• Conn's syndrome
• aldosterone
• calcium blockade

Since its first recognition, the prevalence of primary hyperaldosteronism, or Conn's syndrome, as a cause of hypertension has been disputed. Initial optimism that 20% of hypertensives may have a curable cause gave way to a realisation that many patients with essential hypertension have low renin hypertension, and nowadays less than 1% of patients started on treatment for hypertension are considered to have the diagnosis. Recently, systematic surveys using a ratio of aldosterone to renin above 800 as an upper limit of normal have suggested prevalence figures greater than 10% (of hypertensives).1 Ironically, changes in modern pharmacological treatment of hypertension have probably reduced the sensitivity of plasma electrolyte measurements for detection of Conn's syndrome, since the 4–8-fold lower doses of diuretics − and lower overall use of this class − than in Conn's time means that plasma K⁺ values <3 mmol/l are seen infrequently; it is also likely that reductions in average salt intake limit the degree of hypokalaemia in Conn's syndrome. Both sodium and diuretic intake influence how much K⁺ is lost through K⁺/Na⁺ exchange in the renal distal tubule. Angiotensin-converting enzyme (ACE) inhibitors suppress angiotensin-II-mediated aldosterone secretion.

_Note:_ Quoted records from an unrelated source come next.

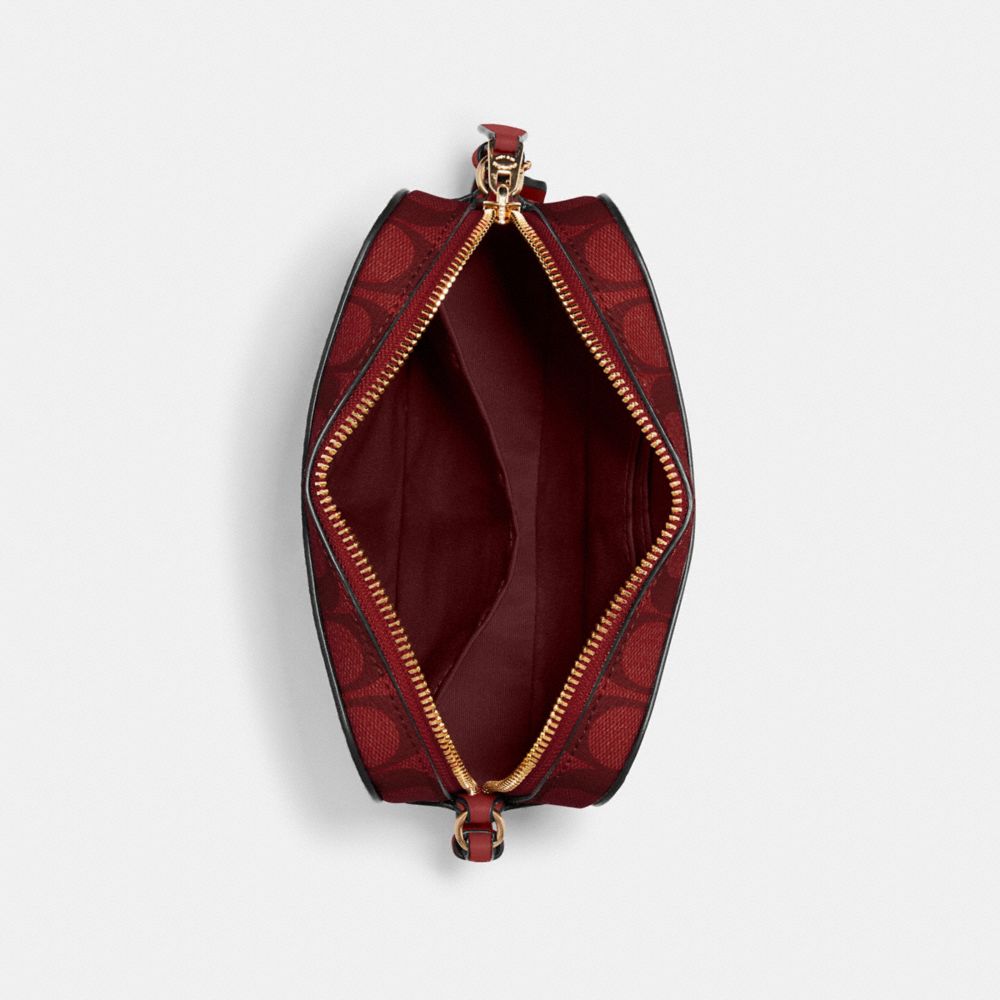 Signature coated canvas and smooth leather| Two credit card slots| Inside multifunction pocket| Zip closure, fabric lining| Outside open pocket| Adjustable strap with 23" drop for shoulder or crossbody wear| 7 1/4" (L) x 5 1/4" (H) x 2" (H)
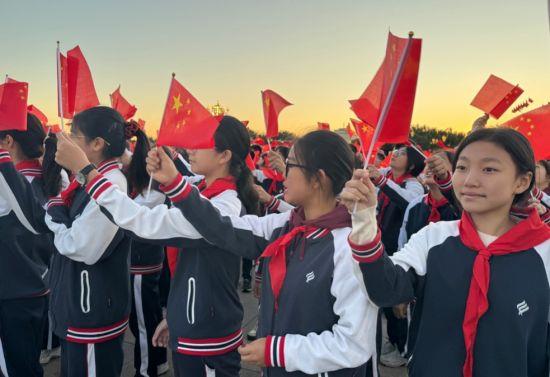 2024年10月1日,天安門(mén)廣場(chǎng)舉行升國(guó)旗儀式,慶祝中華人民共和國(guó)成立75周年。北京2000名大中小學(xué)師生現(xiàn)場(chǎng)觀禮升國(guó)旗儀式。
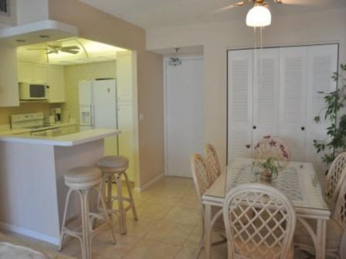 Lovely two bedroom two bath condominium decorated in light and bright colors. King bed in the master bedroom and twin beds in the guest bedroom. Great views of Marco Island, pool and the beach from each room. Relax on the balcony while watching the birds and dolphins play. Steps away from the beach. This lovely condo also offers a workout facility, pool, tennis courts and it is close to restaurants and shops.

Suppression of aldosterone release from adrenal zona glomerulosa cells by Ca⁺⁺ entry blockers is well described,2 3 but their effect in Conn's syndrome has been controversial.4 5 While the specific antagonist for aldosterone, spironolactone, is known sometimes to confuse diagnosis of an adenoma by masking suppression of the contralateral adrenal, there is no generally recognised recommendation to withdraw Ca⁺⁺blockers during investigation of possible Conn's syndrome; there is also no published experience with amlodipine, arguably the most powerful and now most widely used member of the class in hypertension. We therefore report here a patient with a Conn's adenoma in whom serial K⁺ and aldosterone measurements demonstrated how treatment with amlodipine can completely mask the diagnosis.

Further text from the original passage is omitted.